Done it on a number of occasions with two of us driving

Swansea - Port Grimoud

Day 1 cross Dover Calais approx 1200 drive till appprox 8 local using toll roads.

Stop Autoroute rest area (Filling station).

Leave 8 ish arrive Pt Grimoud 1600 ish

Wups


----------



## 91502 (May 1, 2005)

Hi
We have done this several times a year for some time now.
Calais to St Tropez 770 miles. 
First day down to Dover then cross over lunch time and continue on to just south of Reims for about 4pm. 
Second day Somewhere around Orange then St Tropez and Pampalone beach for Lunch on the third day. 
But beware, were just back and last week we were paying £50 for a round of drinks for 4 of us on the beach.
JP


----------



## chinock (Feb 6, 2009)

*st tropez*

I think ive bit off a bit more than i can chew.
Im getting the ferry 10pm friday the 14th i was hoping to be there for 1pm on Saturday oh well maybe 1pm sunday is more realistic


----------



## 91502 (May 1, 2005)

chinok 
I would recommend straight off the ferry and get your head down in the motorhome carpark at the cite d'europe only 5 mins away. 
8am grab some breakfast in the supermarket then off you go. 
Last week it was 34 at 9 in the evening so enjoy. 
JP


----------



## teemyob (Nov 22, 2005)

*Re: st tropez*



chinock said:


> I think ive bit off a bit more than i can chew.
> Im getting the ferry 10pm friday the 14th i was hoping to be there for 1pm on Saturday oh well maybe 1pm sunday is more realistic


Realistic, Maybe teatime Sunday.


----------



## teemyob (Nov 22, 2005)

[quote="JP"But beware, were just back and last week we were paying £50 for a round of drinks for 4 of us on the beach.
JP[/quote]

And I bet you only had four large beers?

Advice, if you are going to the beach, take your own drinks. If you want to drink out, have a driver handy or stay near a back street bar. A beer will set you 1/4 of that.


----------



## 126598 (Aug 5, 2009)

You can get down to the Med in 2 days, out of necessity I did it in just over 24 hours by dint of stopping at around 20h00 on day 1 and setting off early next morning, but it wasn't much fun and I wouldn't like to do it again.
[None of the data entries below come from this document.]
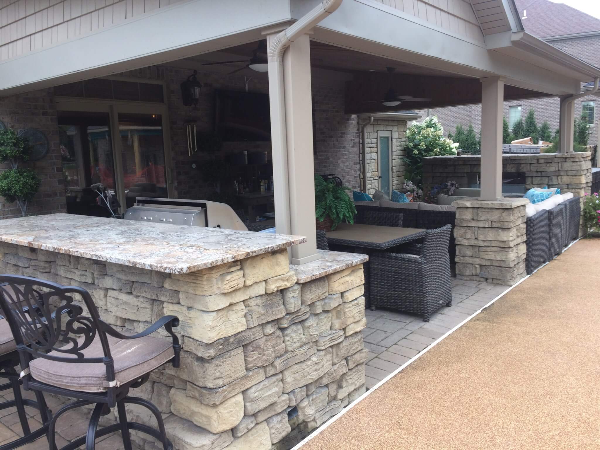There isn’t much that can make your outdoor living space more livable than a custom outdoor bar or kitchen. That personalized outdoor area is not far away and easily built using our full line of hardscaping products.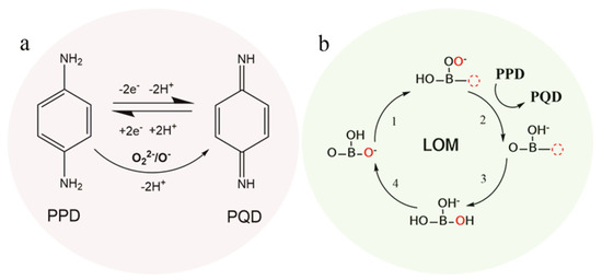 Oxidation effect of O22−/O− for PPD to PQD and the reversible electro-redox reaction mechanism between PPD and PQD (a); oxidation activity for PPD by the LOM (lattice oxygen mechanism with high active species of lattice O vacancies and adsorbed –OO) theory (b).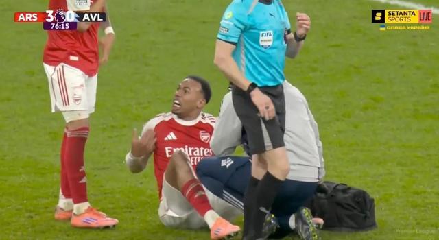 下半场比赛中,加布里埃尔受伤倒地接受治疗,而他似乎被过来的队友因卡皮耶踩中手指,随后他迅速拿起手还甩了甩。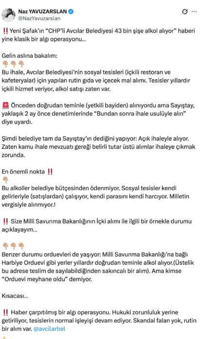 Avcılar Belediyesi’nin yerel kaynakları halkın asıl ihtiyaçlarına harcamak yerine on binlerce şişe alkol alımına ayırması infiale neden olurken, CHP kanadı bu skandalı "milli savunma bakanlığı da alıyor" diyerek meşrulaştırmaya kalkıştı. Kalender Orduevi’nin geçmiş tarihli "doğrudan temin" belgelerini öne sürerek kendi ayıplarını örtmeye çalışan zihniyete milletten tepki gecikmedi: "Biri yanlış yapıyorsa diğeri de mi yapmalı?"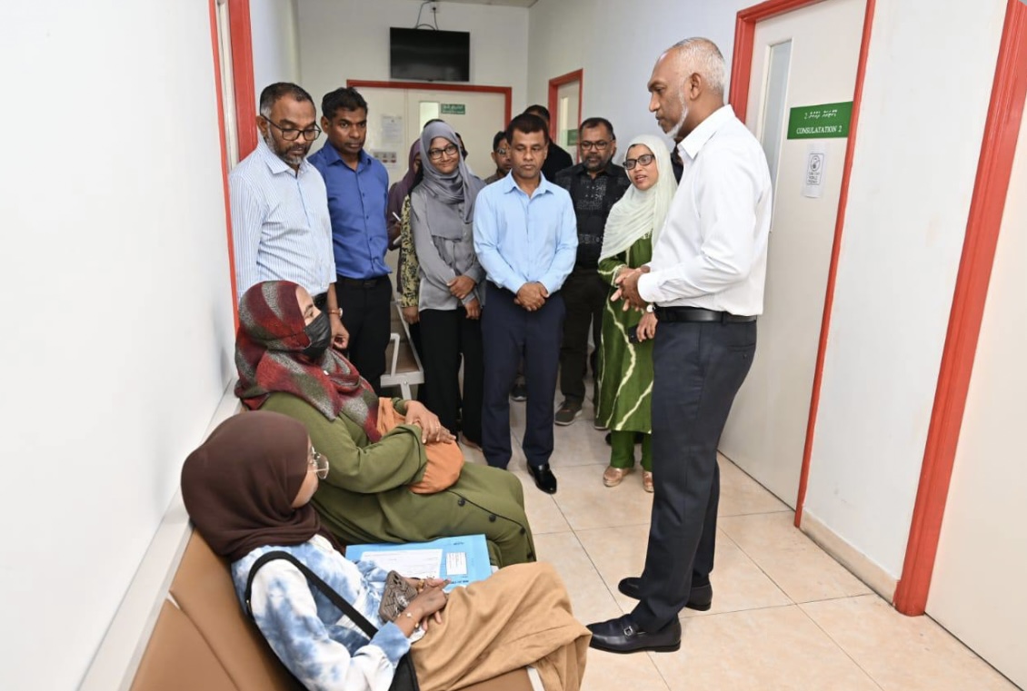 ރައީސުލްޖުމްހޫރިއްޔާ ޑރ މުޙައްމަދު މުޢިއްޒު، މިއަދު ހެނދުނު ނެޝަނަލް ތެލަސީމިއާ ސެންޓަރަށް ޒިޔާރަތްކުރައްވައި، އެތަނުގެ ހާލަތު ބައްލަވައިފިއެވެ.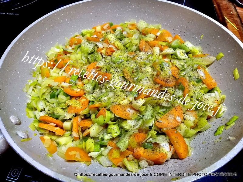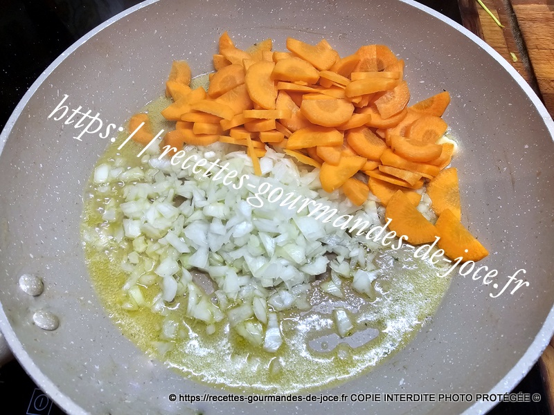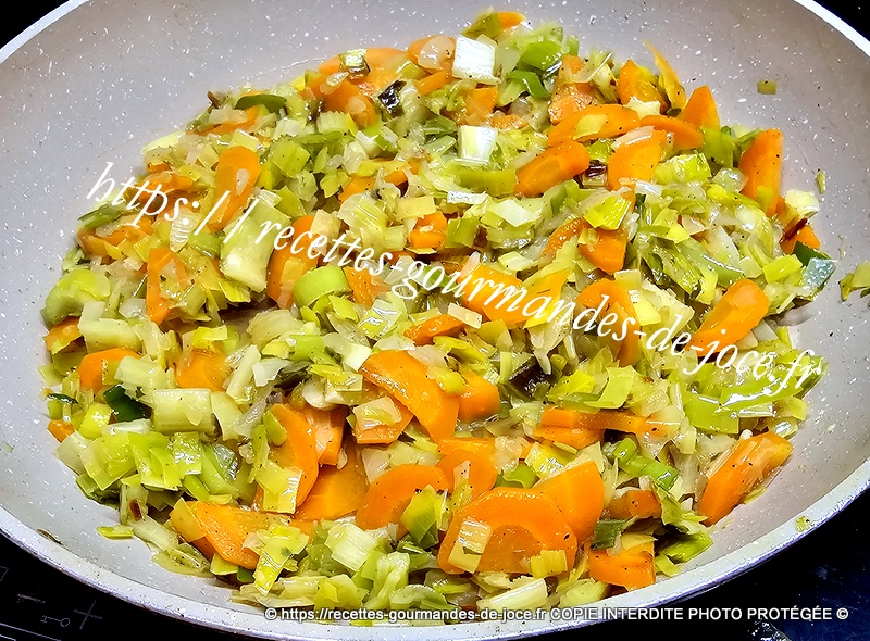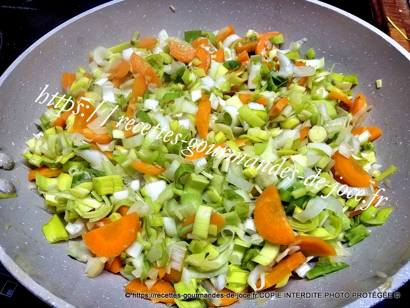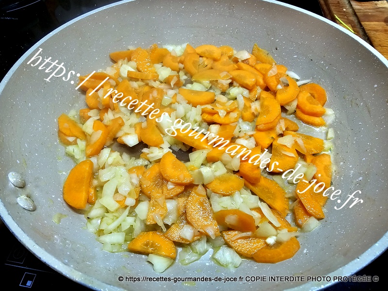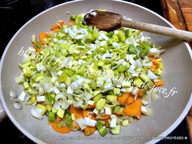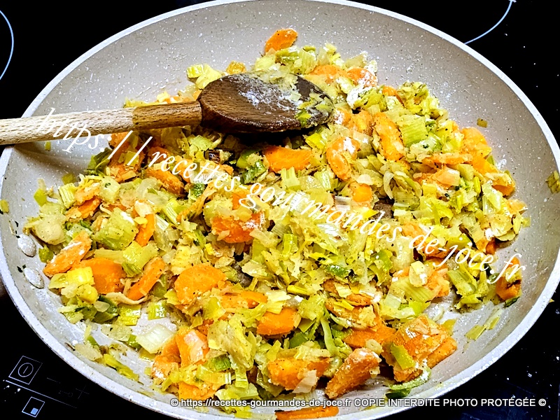 Ajouter les oignons et les carottes, laisser suer 5 minutes en remuant, ajouter ensuite le céleri et mélanger.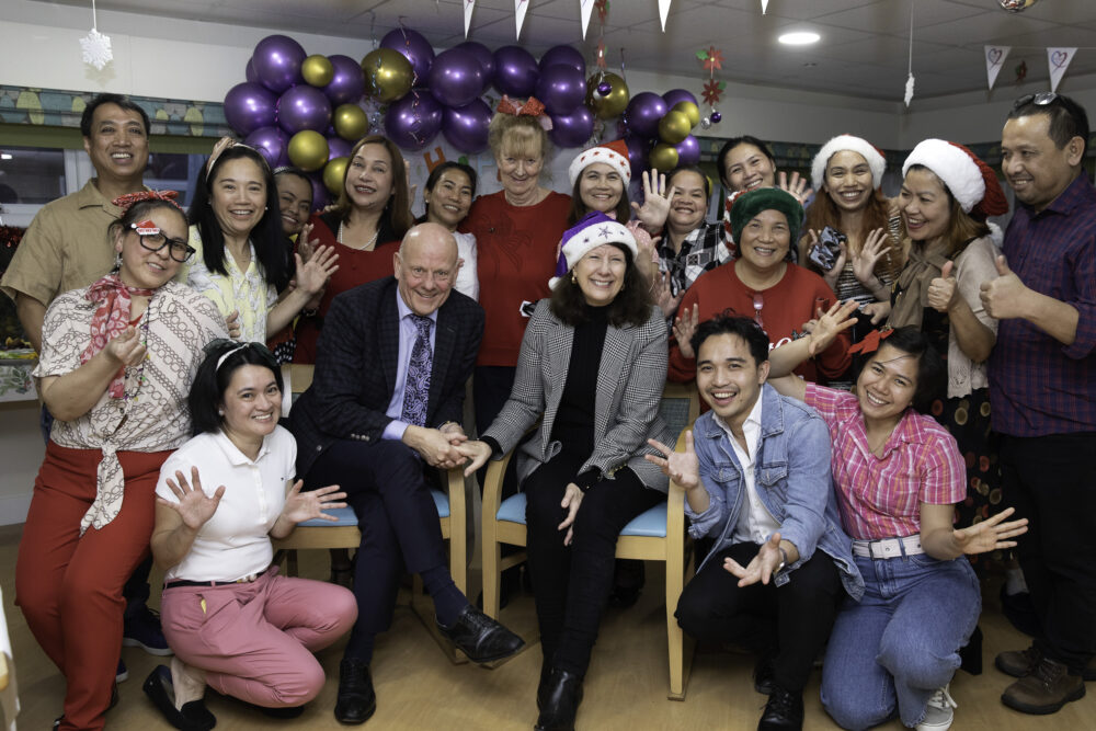 Founders Mario Kreft MBE and his wife, Gill, toured Pendine Park’s care homes, thanking staff and residents during joint Christmas and anniversary celebrations.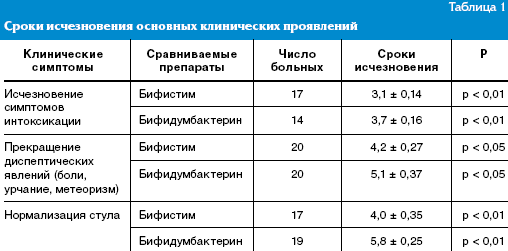 Как показали проведенные клинические наблюдения, в обеих группах отмечался положительный клинический эффект. На фоне применения исчезали диспептические явления, боли, урчание в животе, нормализовался стул, улучшалось общее состояние. На фоне лечения Бифистимом отмечались достоверно более быстрое исчезновение симптомов интоксикации, нормализация стула, прекращение диспептических явлений (табл. 1).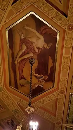 The New York Times described the decorative scheme as originally being "old Venetian gold, absinthe green, and amethyst".[7] Mythological motifs are heavily featured in the interior.[33] J. Mortimer Lichtenauer painted murals along the boxes, the area above the proscenium arch, and the ceiling. The murals contain figures with masks of Minoan and renaissance inspiration, as well as semi-nude females depicting music and drama.[47][48] There were twenty-one figures; a contemporary publication said the murals had been completed in "a little less than two days".[49] Architecture magazine cited the Shubert's interior as being "good of the more accepted theatre interior design", despite not being of "such exceptional excellence" as the neighboring Booth.[19]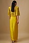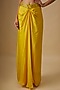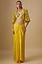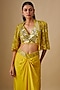 Featuring a yellow cape in satin organza, tulle and butter crepe base with mirror hand and machine embroidery. It is paired with a blouse and a draped skirt. Accentuate it with minimal jewellery and heels for a festive, haldi or sangeet ceremony.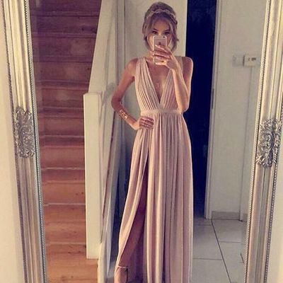 A-line champagne chiffon long prom dress,formal dresses,Long Prom Dresses,Evening Dresses,609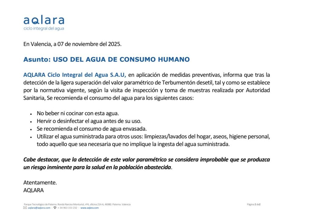 En fecha 7 de noviembre de 2025, la empresa gestora del suministro, AQLARA Ciclo Integral del Agua S.A.U., ha informado de una ligera superación en uno de los parámetros de control del agua de consumo humano detectada durante una inspección sanitaria rutinaria.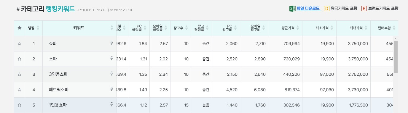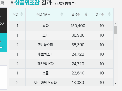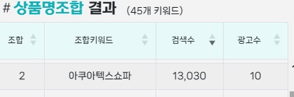 예를 들어 '아쿠아텍스 쇼파'라는 키워드는 검색수 13,030에 광고수 10건 입니다.

Going via Millau I found the gradients awfully steep (but then my van is elderly), spent a lot of time in 3rd going up and got a bit scared coming down the twisty bits in strong winds. But the Millau bridge is really something.

Much more enjoyable coming back up via Bordeaux - Poitiers, gradients far gentler. I was heading to Caen and did a mixture of autoroute and not, went along the coast and stayed at Narbonne, then set off northwards and took it easy and stopped at Castelsarassin (free aire by canal), then Cadillac (free aire, lovely little old picturesque town just outside Bordeaux, market Sat morning), then St Jean d'Angely (free aire by river in park, free swimming pool, would have been excellent if I hadnt gone and parked right next to the Skate Park which the skateboarders decided to come and do a bit of late night exercise, doh) St Clement des Levees near Saumur (small aire right next to the, again free).


----------



## vicdicdoc (May 14, 2005)

*Re: st tropez*



chinock said:


> I think ive bit off a bit more than i can chew.
> Im getting the ferry 10pm friday the 14th i was hoping to be there for 1pm on S
> 
> Your gonna be awfully tired if you try to stick to that timetable :hathat31: Anyway there are far better places than St Trop !


----------



## SidT (May 9, 2005)

Hi Chinock. We hope to be doing the same trip early September, We usually do the same trip as Trevor (Teemyob) via Reims,Troyes etc. but we won't be using autoroutes except the free parts as its far too expensive, Trevor can probably give you some idea of the total cost as I think he uses the peages.
Cheers Sid


----------